= WHAT IS EXPECTED =
Could you repeat the entries below exactly, but only from the line with "Plaid Check Patterned Stitch Ruana Poncho" through the line with "будь-якою іноземною мовою).", and without any picture?

= INPUT DATA =
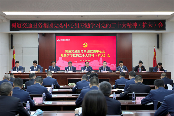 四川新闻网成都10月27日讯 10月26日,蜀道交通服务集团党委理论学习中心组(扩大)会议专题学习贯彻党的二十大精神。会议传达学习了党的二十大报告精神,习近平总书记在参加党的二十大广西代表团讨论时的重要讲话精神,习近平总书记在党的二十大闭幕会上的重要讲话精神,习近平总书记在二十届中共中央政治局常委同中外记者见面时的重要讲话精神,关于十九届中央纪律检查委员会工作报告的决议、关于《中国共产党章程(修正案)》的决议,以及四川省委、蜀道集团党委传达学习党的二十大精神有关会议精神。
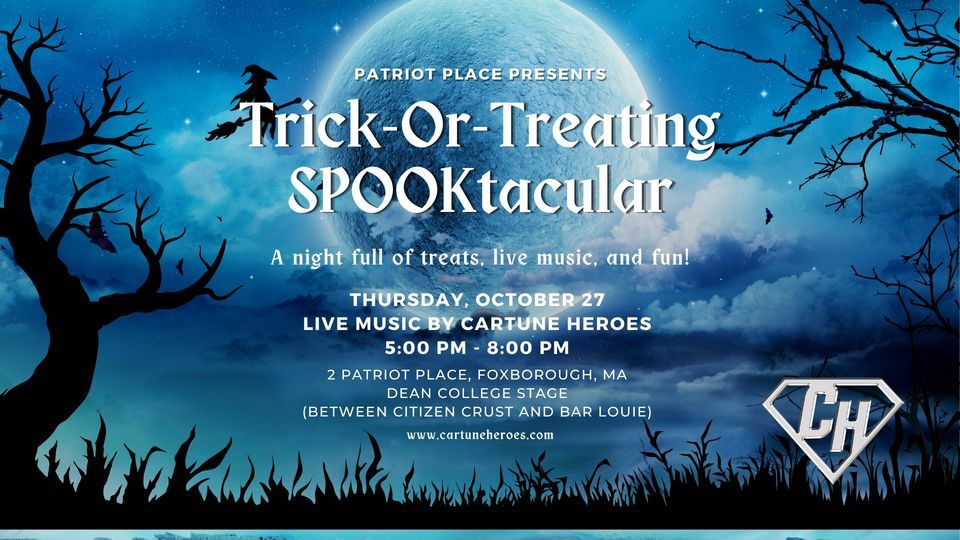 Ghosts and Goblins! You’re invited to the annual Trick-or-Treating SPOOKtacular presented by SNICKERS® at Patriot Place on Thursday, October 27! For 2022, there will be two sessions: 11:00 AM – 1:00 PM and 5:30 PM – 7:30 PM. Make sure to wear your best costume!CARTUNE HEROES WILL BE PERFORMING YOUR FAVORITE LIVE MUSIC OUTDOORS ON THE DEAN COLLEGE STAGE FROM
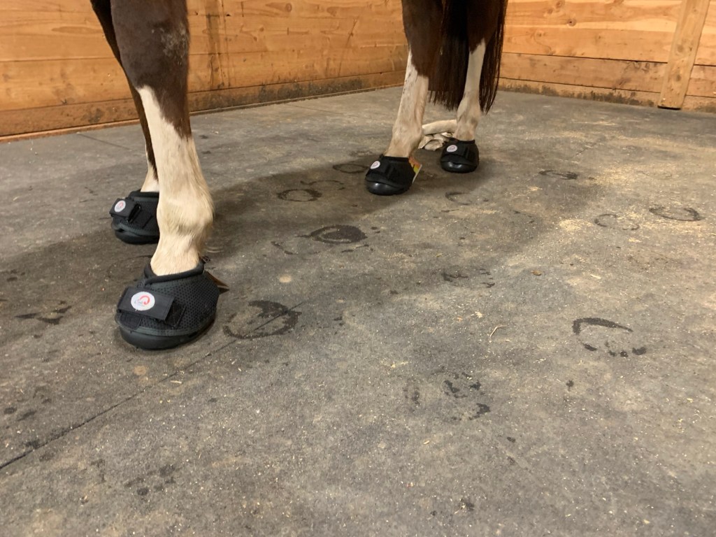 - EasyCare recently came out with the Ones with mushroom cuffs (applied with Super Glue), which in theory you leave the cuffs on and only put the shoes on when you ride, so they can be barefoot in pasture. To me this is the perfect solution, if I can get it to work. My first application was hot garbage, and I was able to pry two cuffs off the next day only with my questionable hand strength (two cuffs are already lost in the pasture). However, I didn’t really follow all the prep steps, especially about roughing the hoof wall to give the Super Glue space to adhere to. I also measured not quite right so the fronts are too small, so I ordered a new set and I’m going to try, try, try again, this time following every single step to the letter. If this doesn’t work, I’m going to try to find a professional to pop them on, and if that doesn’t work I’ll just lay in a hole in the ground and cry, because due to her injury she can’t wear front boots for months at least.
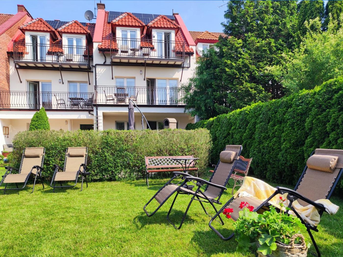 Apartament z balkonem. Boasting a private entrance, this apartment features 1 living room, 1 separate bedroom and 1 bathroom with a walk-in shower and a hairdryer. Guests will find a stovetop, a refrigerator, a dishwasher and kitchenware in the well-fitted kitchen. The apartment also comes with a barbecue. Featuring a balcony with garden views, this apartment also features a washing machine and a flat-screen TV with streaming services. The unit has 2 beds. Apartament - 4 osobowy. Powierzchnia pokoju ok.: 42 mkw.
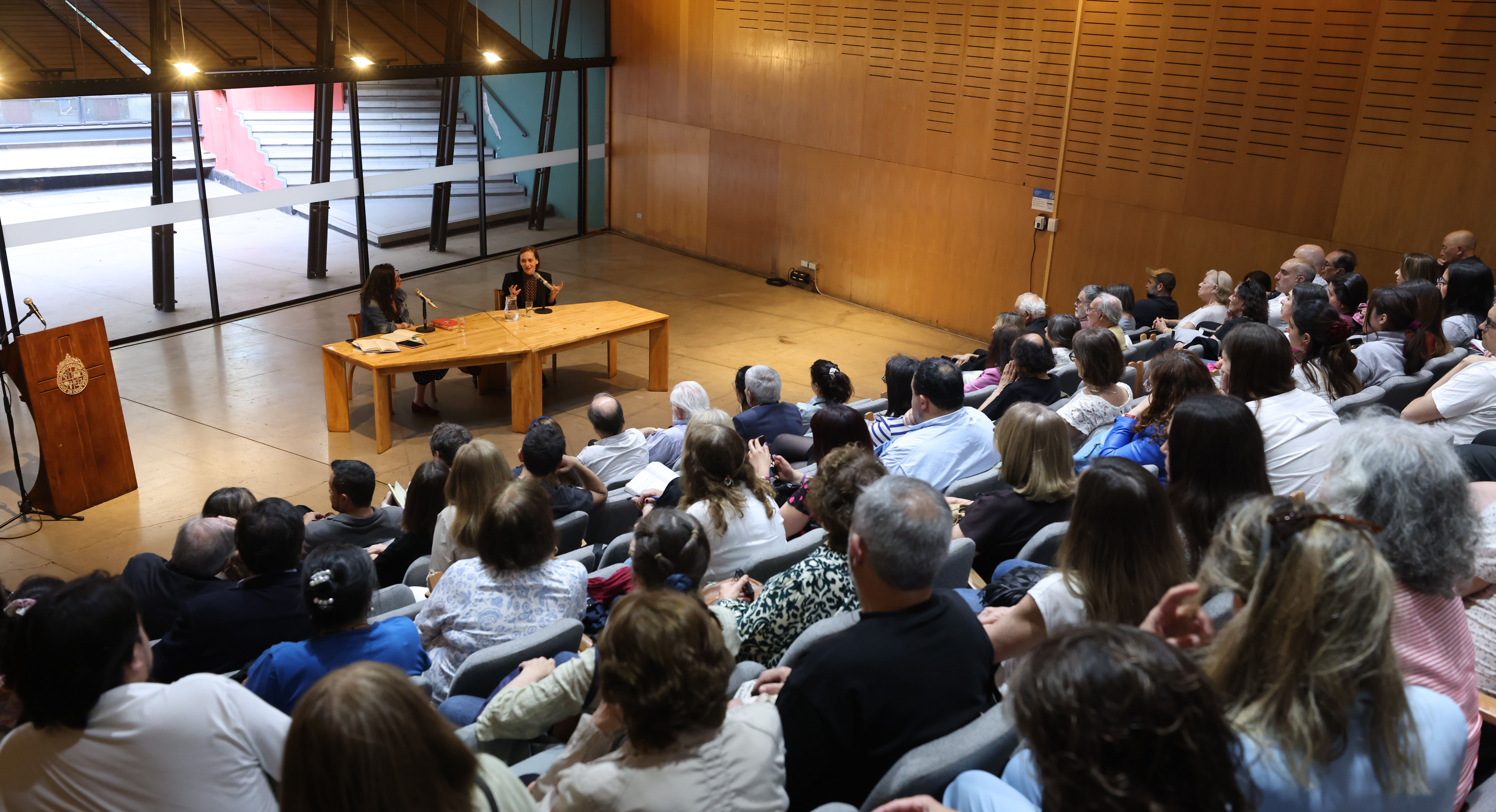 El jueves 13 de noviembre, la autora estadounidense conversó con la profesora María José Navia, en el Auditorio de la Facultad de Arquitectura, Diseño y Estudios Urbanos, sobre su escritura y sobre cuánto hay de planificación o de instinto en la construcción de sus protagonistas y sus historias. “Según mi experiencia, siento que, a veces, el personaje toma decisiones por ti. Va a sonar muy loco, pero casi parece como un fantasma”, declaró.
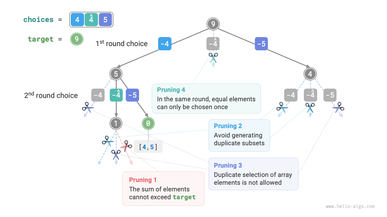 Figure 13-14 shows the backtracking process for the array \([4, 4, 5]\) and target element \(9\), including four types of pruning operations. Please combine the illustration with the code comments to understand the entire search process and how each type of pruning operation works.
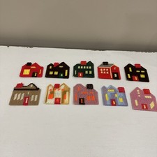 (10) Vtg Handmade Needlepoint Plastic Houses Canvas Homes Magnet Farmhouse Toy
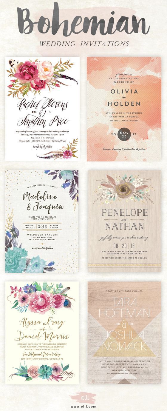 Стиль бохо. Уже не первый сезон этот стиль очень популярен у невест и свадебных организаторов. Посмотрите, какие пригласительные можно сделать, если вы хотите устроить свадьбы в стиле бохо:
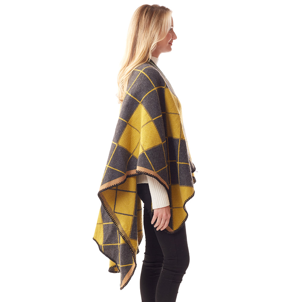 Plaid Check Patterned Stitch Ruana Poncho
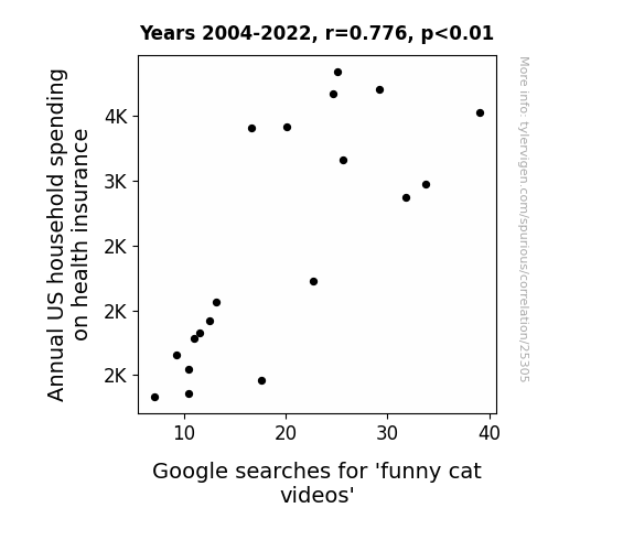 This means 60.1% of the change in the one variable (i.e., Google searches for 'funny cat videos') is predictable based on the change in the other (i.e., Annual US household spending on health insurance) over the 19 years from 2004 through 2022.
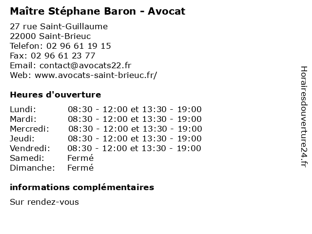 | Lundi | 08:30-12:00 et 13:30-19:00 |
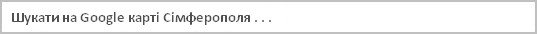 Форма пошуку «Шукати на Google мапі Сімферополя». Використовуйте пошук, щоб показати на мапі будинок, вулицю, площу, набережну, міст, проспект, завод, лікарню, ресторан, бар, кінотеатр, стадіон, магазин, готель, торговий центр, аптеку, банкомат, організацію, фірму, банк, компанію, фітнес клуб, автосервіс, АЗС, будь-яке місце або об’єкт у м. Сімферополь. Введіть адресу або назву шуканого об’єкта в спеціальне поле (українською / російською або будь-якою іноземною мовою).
---
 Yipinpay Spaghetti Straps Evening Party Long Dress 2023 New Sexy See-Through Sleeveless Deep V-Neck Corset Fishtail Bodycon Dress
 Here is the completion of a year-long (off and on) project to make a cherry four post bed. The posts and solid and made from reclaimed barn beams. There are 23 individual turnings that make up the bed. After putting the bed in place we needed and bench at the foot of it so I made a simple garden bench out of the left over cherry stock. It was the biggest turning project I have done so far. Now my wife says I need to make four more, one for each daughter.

= RESULT OF THIS TASK =
 Plaid Check Patterned Stitch Ruana Poncho
 This means 60.1% of the change in the one variable (i.e., Google searches for 'funny cat videos') is predictable based on the change in the other (i.e., Annual US household spending on health insurance) over the 19 years from 2004 through 2022.
 | Lundi | 08:30-12:00 et 13:30-19:00 |
 Форма пошуку «Шукати на Google мапі Сімферополя». Використовуйте пошук, щоб показати на мапі будинок, вулицю, площу, набережну, міст, проспект, завод, лікарню, ресторан, бар, кінотеатр, стадіон, магазин, готель, торговий центр, аптеку, банкомат, організацію, фірму, банк, компанію, фітнес клуб, автосервіс, АЗС, будь-яке місце або об’єкт у м. Сімферополь. Введіть адресу або назву шуканого об’єкта в спеціальне поле (українською / російською або будь-якою іноземною мовою).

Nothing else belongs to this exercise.